The central limit theorem remains a key concept in probability theory
by Julia Seaman, I. Elaine Allen and Samuel Zetumer
In the beginning, there was the central limit theorem (CLT). We use it every day as the basis for our statistical analyses. We base the reproducibility of our analyses on what the CLT tells us about our data, and we make inferences from the results of our hypothesis tests based on the CLT.
This theorem forms the basis for the majority of hypothesis testing and prediction models in statistics. In simplified terms, the CLT states that the sum of many different independent results tends toward a normal distribution and gives us a method to estimate sampling error.
But is this theorem—first postulated in 1733—still relevant and appropriate in the age of big data? Specifically, was the theorem really proven to encourage us to perform parametric analyses with every sufficiently large data set? In its first formulation, it was not.
First and foremost, the CLT is a theorem proven in probability theory and not (initially) proposed to be used as a normal theory to approximate data from other distributions for statistical analysis. It was first proposed by Abraham de Moivre in 1733 when he discovered he could approximate binomial distribution probabilities from an integral of exp(-x2),1 although he did not name this integral.

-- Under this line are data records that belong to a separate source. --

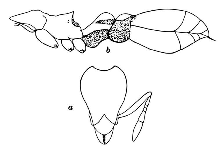 | Keywords: Pyramica.leptothrix.-.wheeler.svg Pyramica leptothrix a head of worker; b thorax and abdomen of same in profile Wheeler 1929 Ants collected by Professor F Silvestri in Formosa the Malay Peninsula and the Philippines Bollettino del Laboratorio di Zoologia Generale e Agraria della R Scuola Superiore d'Agricultura 24 27-64 http //antbase org/ants/publications/3409/3409 pdf PDF as Strumigenys leptotrix 1929 W M Wheeler pd-old PD-old Drawings of animals by William Morton Wheeler Drawings of ants Pyramica leptothrix |
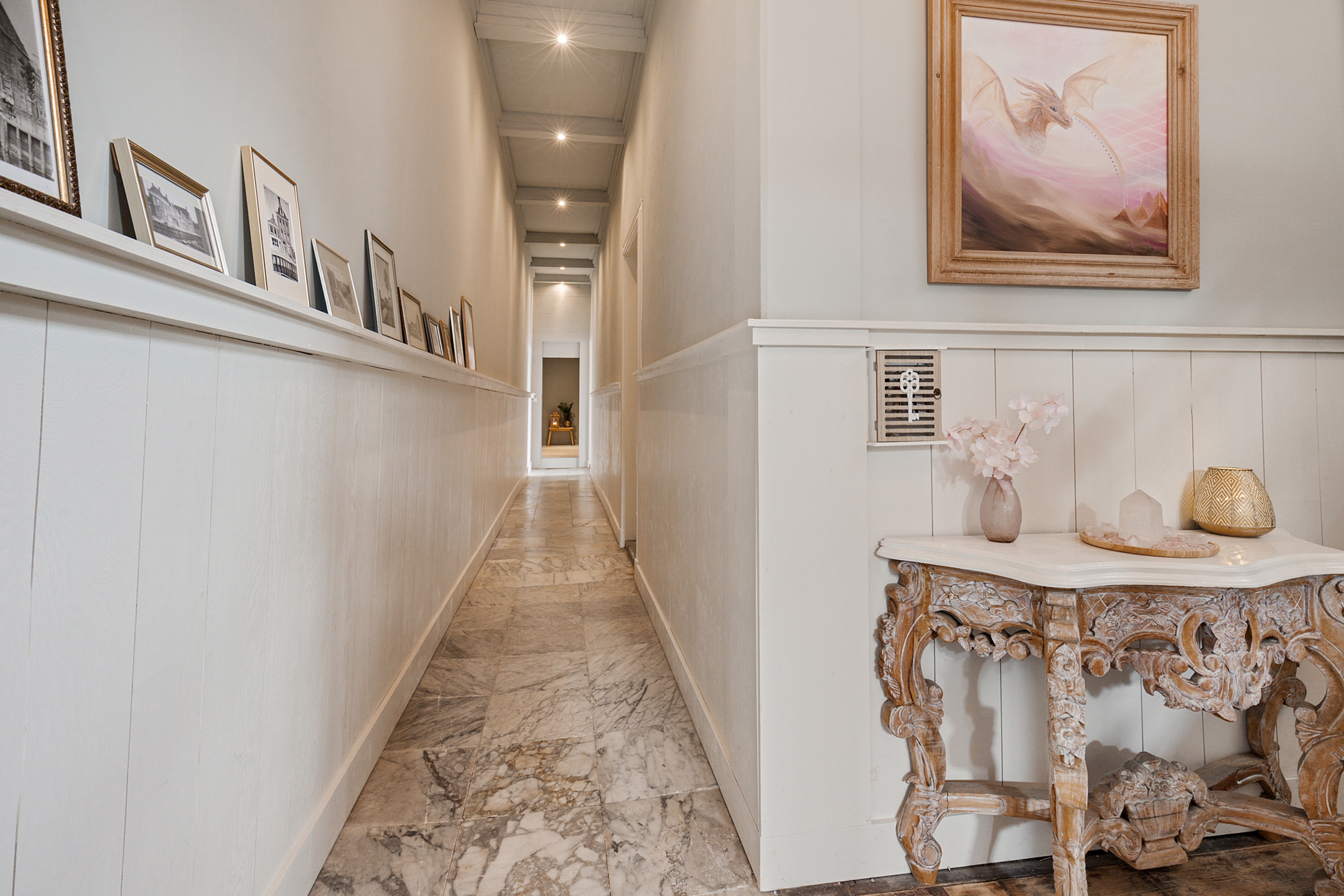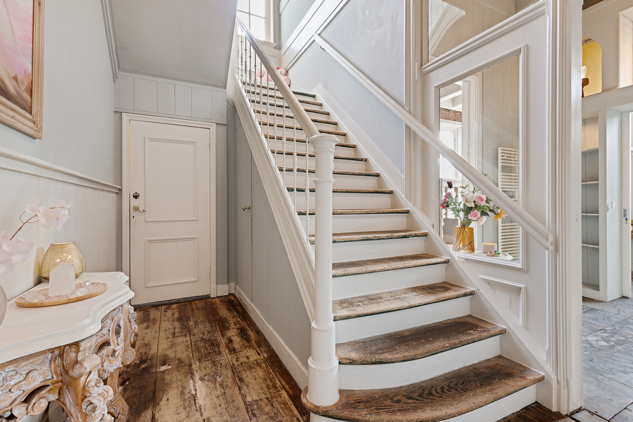Behind the monumental front door unfolds a stately hall with marble floor and vestibule. The long corridor provides access to three generous rooms an internal storage space and the original wide staircase.
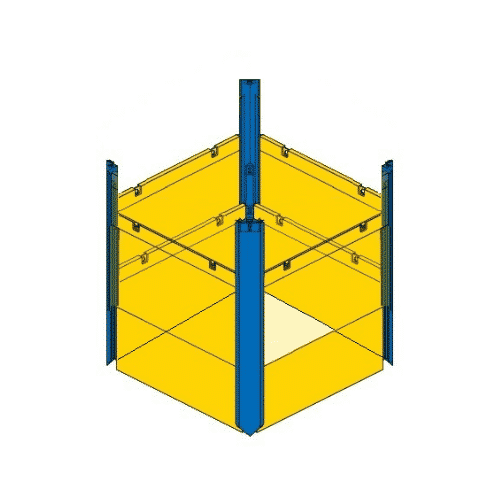 Door de combinatie met enkelgeleide hoekbalken is dit systeem ook als 3-zijdig of 4-zijdig gesloten putten te leveren.
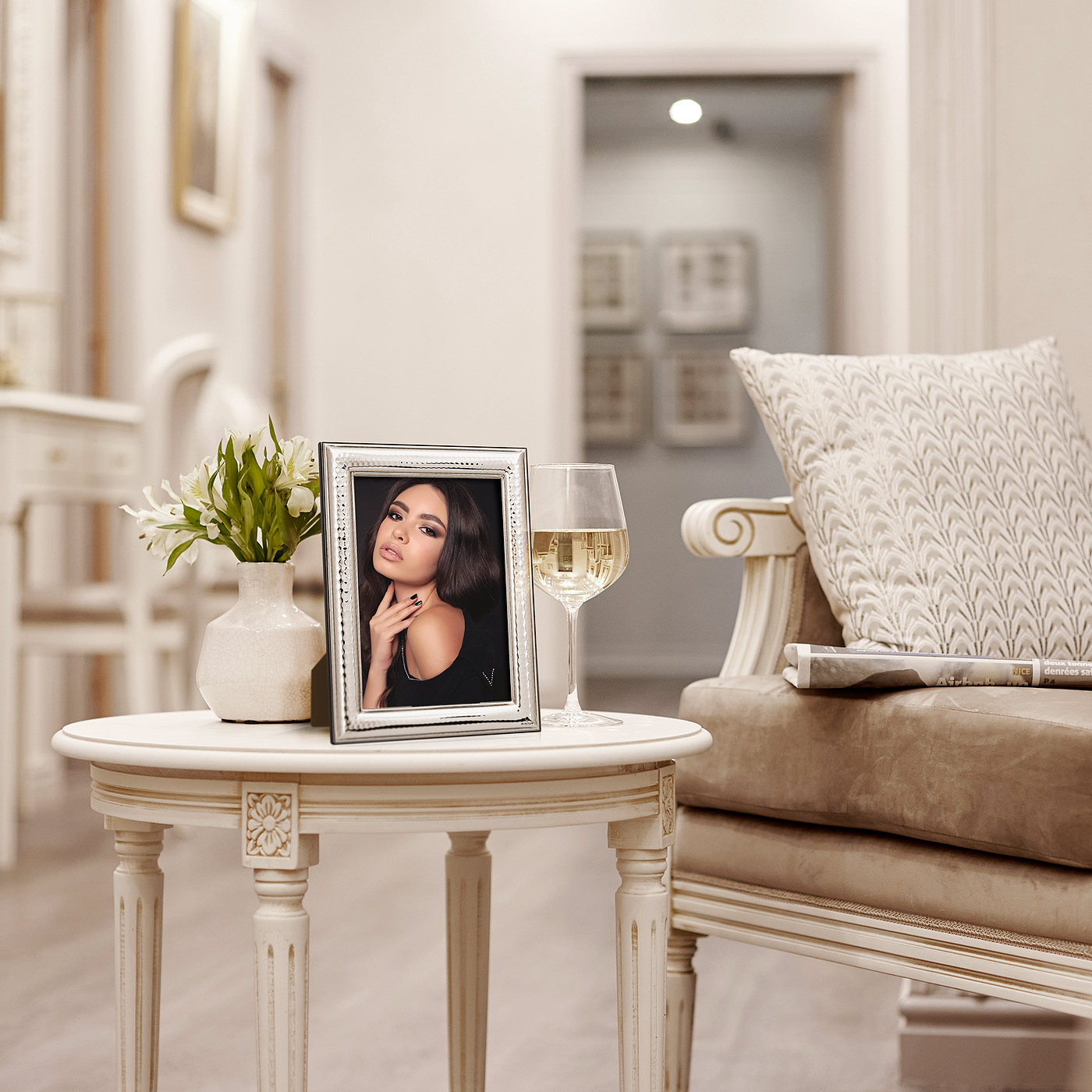 Cornice Recanati in metallo, prodotta in italia, con finitura silver plated lucida, profilo decorato a rilievo, effetto elegante e classico, retro in legno, da tavolo, disponibile in vari formati, ideale per celebrare anniversari o compleanni, adatta per regali preziosi o importanti.

It wasn’t until 1920 that George Polya gave the name to the theorem that we are now familiar with. There were several developments during the almost 200-year span from de Moivre to Polya to supplement the theorem to the results we use today. Over the centuries, the proof of the theorem included contributions by Pierre-Simon Laplace, Siméon Denis Poisson, Peter Gustav Lejeune Dirichlet, Bessel, Augustin Louis Cauchy, Pafnuty Chebyshev, Aleksandr Liapounov, Jarl Waldemar Lindeberg, Paul Lévy and W. Feller.2 Throughout all these contributions, the CLT was formulated as a theoretical probability theorem for the development of density functions of distributions.3 This is not how statisticians apply this theorem.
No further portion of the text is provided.